Читаем Румынская повесть 20-х — 30-х годов полностью

При этом Богза с веселым удивлением посмотрел на нотариуса и примаря, которые тоже, казалось, были удивлены. Витория молчала, склонив голову. Но тут вмешалась супруга господина Йоргу Василиу.

— Да вы что, не знаете, добрые люди, что муж этой женщины до сих пор домой не воротился?

Богза вопросительно на нее уставился. У шинкарки задергалось веко. Он скривил в улыбке рот.

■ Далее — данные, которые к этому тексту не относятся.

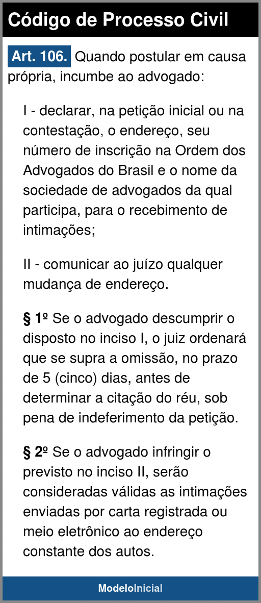 Observar o Art. 106 do Novo CPC: Quando postular em causa própria, incumbe ao advogado: I - declarar, na petição inicial ou na contestação, o endereço, seu número de inscrição na Ordem dos Advogados do Brasil e o nome da sociedade de advogados da qual participa, para o recebimento de intimações; II - comunicar ao juízo qualquer mudança de endereço. Atentar às incompatibilidades do exercício da Advocacia, mesmo em causa própria, com as atividades previstas no Art. 28 da Lei 8.906/94.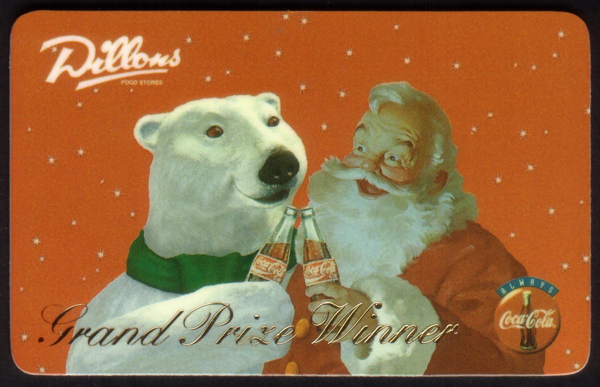This card is marked with "Dillons Coke 1994 GRAND PRIZE WINNER Santa & Bear Toasting Coca-Cola" and the marketing entity is TekTel Marketing Inc., as indicated by the keywords. The overall design promotes the iconic Coca-Cola holiday imagery featuring St. Nick and the polar bear with a nostalgic, vintage-style illustration.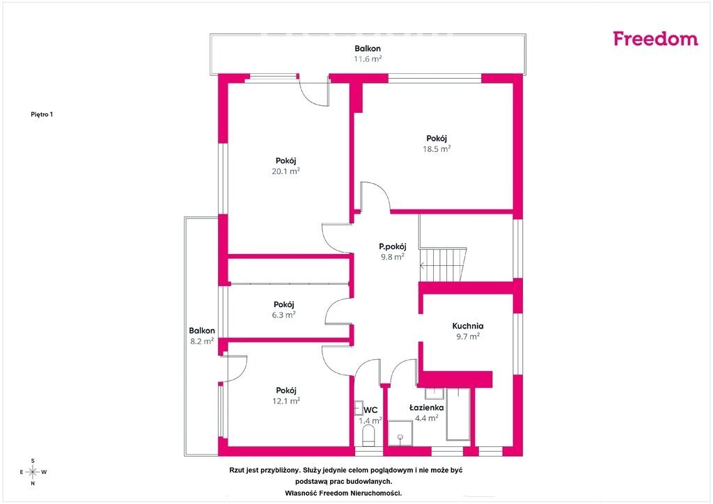 kolejnego pokoju (18.5m2) z dużym balkonem od strony południowej. Z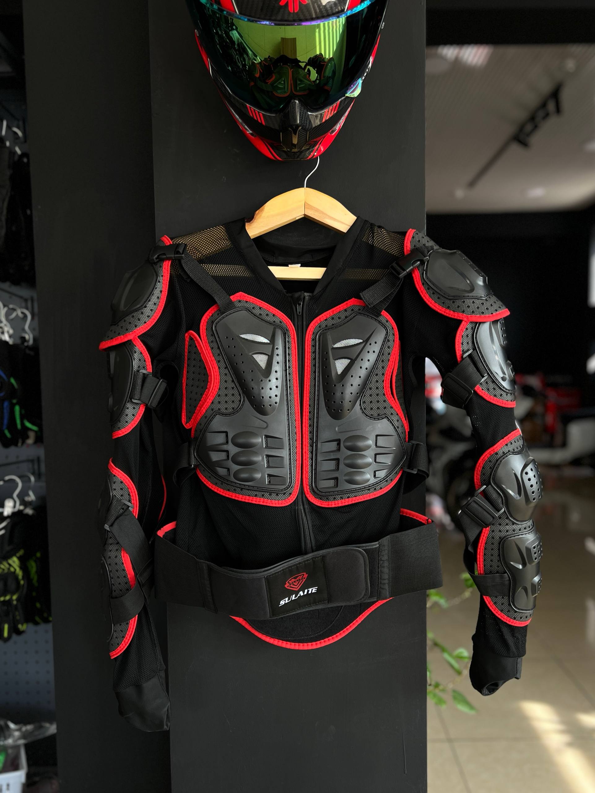 **Мотоциклетная куртка с защитной амуницией** — это стильная и надежная экипировка для мотоциклистов, которая сочетает в себе современный дизайн и высокий уровень защиты. Куртка предназначена для использования в различных условиях, будь то городская езда или спортивные заезды.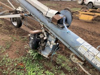 8" x 50' Grainline auger ~ Vanguard 23hp v/twin motor, starts & runs (see Video) ~ new pulley and belts ~ Some repair patches in barrel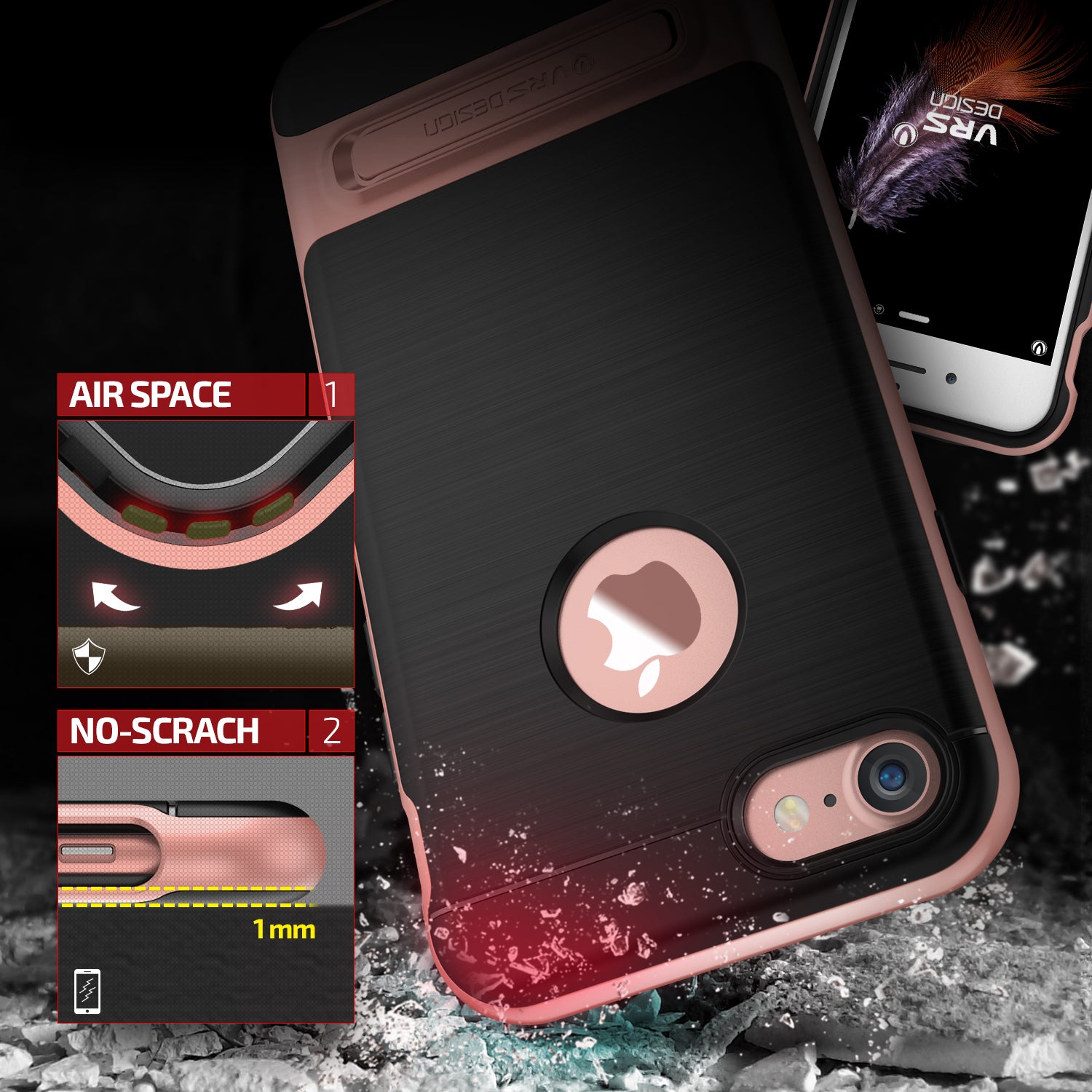 High Pro Shield Series Original From VRS Design Anti-shocks Case For iPhone 7 Black / Rose
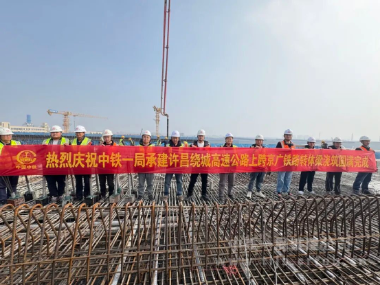 中铁一局许昌绕城高速涉铁项目转体梁浇筑圆满完成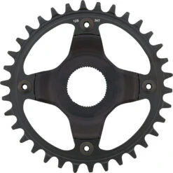 Das Shimano STEPS Kettenblatt SM-CRE80-12-B für E-Mountainbikes mit 12-fach-Schaltung und 53 mm Kettenlinie eignet sich für FC-E8000, FC-E8050, FC-M8050 und andere E-Bike-Kurbeln. Es wird über einen Lockring, welcher zur Motoreinheit gehört, auf der Achse befestigt. Dank eines speziellen Zahnprofils namens Dynamic Chain Engagement+ kannst Du Dir des Kettenrückhalts auch auf ruppigem Terrain sicher sein. Zugleich unterstützt diese Technologie Dich beim gleichmäßigen Pedalieren. Das Kettenblatt hat einen 4-Arm-Lochkreisdurchmesser von 104 mm und besteht aus Stahl. Der bereits montierte Spider, der für die Kettenlinie von 53 mm sorgt, ist aus Aluminium gefertigt.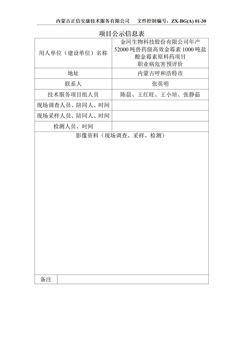 金河年產(chǎn)52000噸金霉素(預(yù)評)項目公示信息表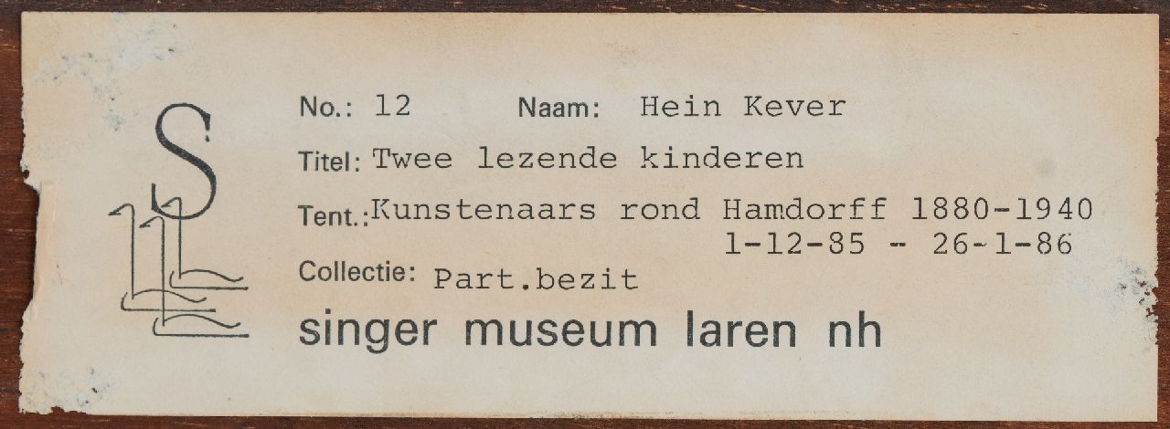 Hein Kever behoort tot de bekendste schilders van de Larense School. Hij werd in Amsterdam geboren, toonde al jong talent en kwam via Isaac Israels aan een leerplaats op het atelier van P.F. Greive. In 1878 vestigde Kever zich in het Gooi, waar hij raad en aanwijzingen kreeg van Anton Mauve. Voor de winters hield hij een atelier aan in Amsterdam. Kever werd vooral bekend door zijn in losse toets en harmonieuze kleuren geschilderde interieurs met figuren, bloemen, boeren en kinderen. Men bewonderde daarin de atmosfeer, de lichtval en kleuren, zoals helder groen en warm dieprood.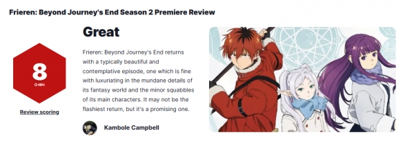 IGN简评:《葬送的芙莉莲》第二季首播回归,以一贯精美的画面与沉思性的叙事,从容铺展奇幻世界的细腻日常与角色间的微妙互动。它或许不是最华丽的回归,却展露扎实的叙事潜力。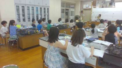 4年 「とじこめた空気と水」 公開日 2023/07/10 更新日 2023/07/10 4年生のページ 家庭科室を使ってとじこめた水について調べました。子どもたちは水を力いっぱい押し込む姿が見られました。「押しても押し返される。」など楽しく学習している様子でした。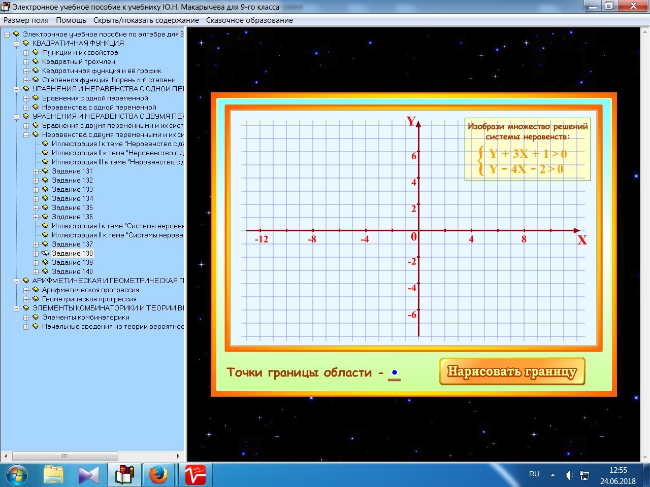 В первом линии графика пунктиром, так как строгое неравенство. Во втором сплошная линия.
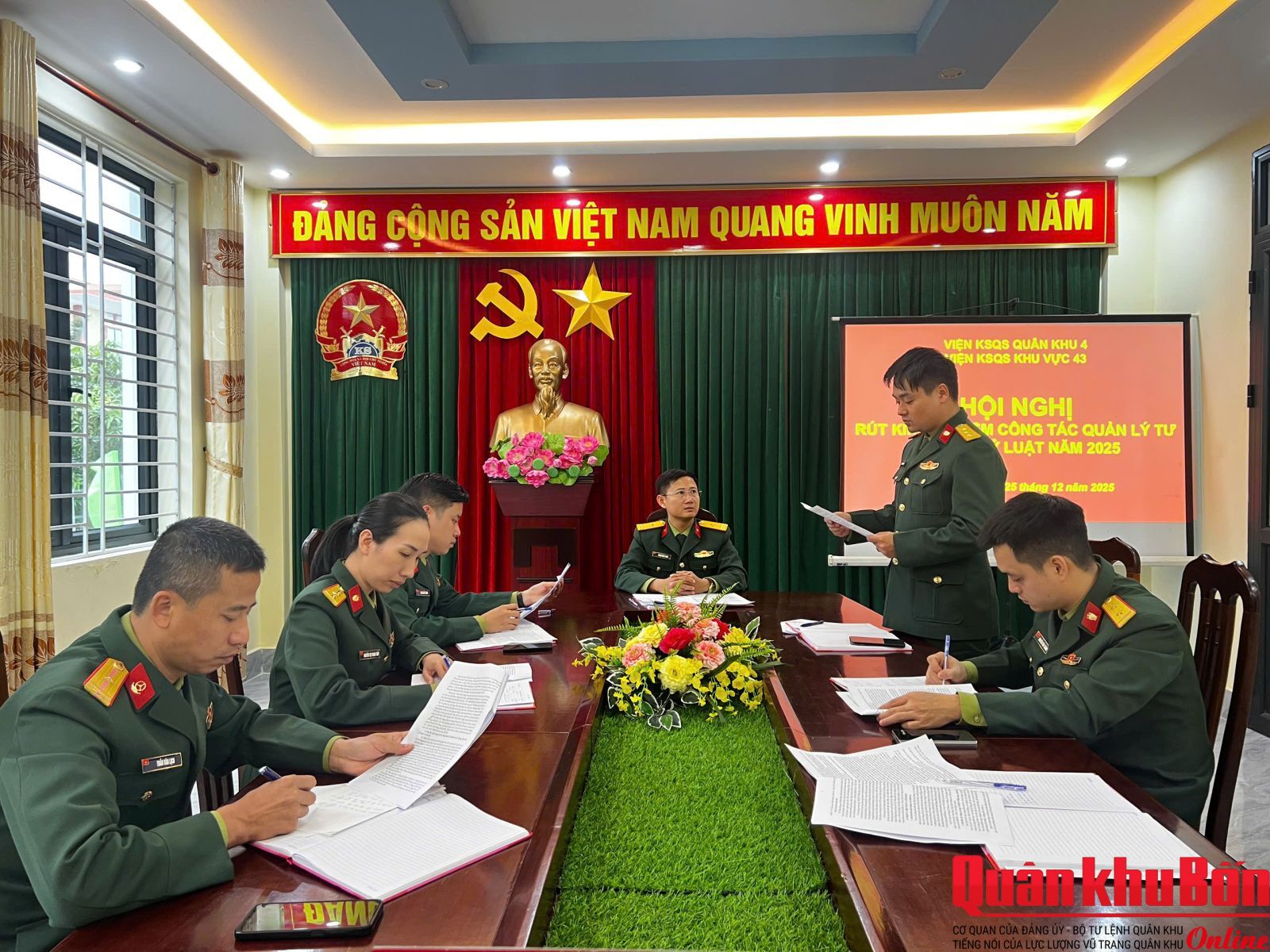 Chi bộ Viện Kiểm sát Quân sự Khu vực 43 (Viện Kiểm sát Quân sự Quân khu 4) vừa tổ chức Hội nghị ra nghị quyết lãnh đạo thực hiện nhiệm vụ năm 2026, kết hợp Hội nghị rút kinh nghiệm công tác quản lý tư tưởng, kỷ luật năm 2025.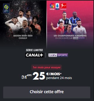 Contrairement aux autres promos, ici vous pourrez profiter des matchs via les applications mais aussi directement depuis votre télévision. Le prix est de 25€/mois au lieu de 34,90€/mois avec un engagement de 24 mois. Si vous n'êtes pas sûrs de vous, CANAL+ vous propose le premier mois pour essayer.

— Ну не воротился домой — а мы-то при чем? Чем помочь можем?

— Помочь, конечно, вы ничем не можете, — мягко ответила Витория, не поднимая головы. — А приехала я, горемычная, спросить вас, его дружков-приятелей, о чем говорил, когда вы расставались. Куда направился? Может, из слов его я пойму, где его надо искать.

Богза засунул руки за широкий пояс и сочувственно взглянул на женщину.

— Что я могу сказать? — ответил он, пожимая плечами. — По пути сюда из Дорны мы уговорились насчет продажи овец. Отсчитали ему деньги. Часть внес Куцуй, вот он сам тут. Другую часть заплатил я. Потом расстались. Липан очень торопился.

— Если бы знать, где все это случилось… — вздохнула Витория.

— Где случилось? В пути, конечно.

— А в каком именно месте?

— Ишь чего захотела, — рассмеялся Богза. — Да разве назовешь точное место? Помнится, мы останавливались у Креста итальянцев.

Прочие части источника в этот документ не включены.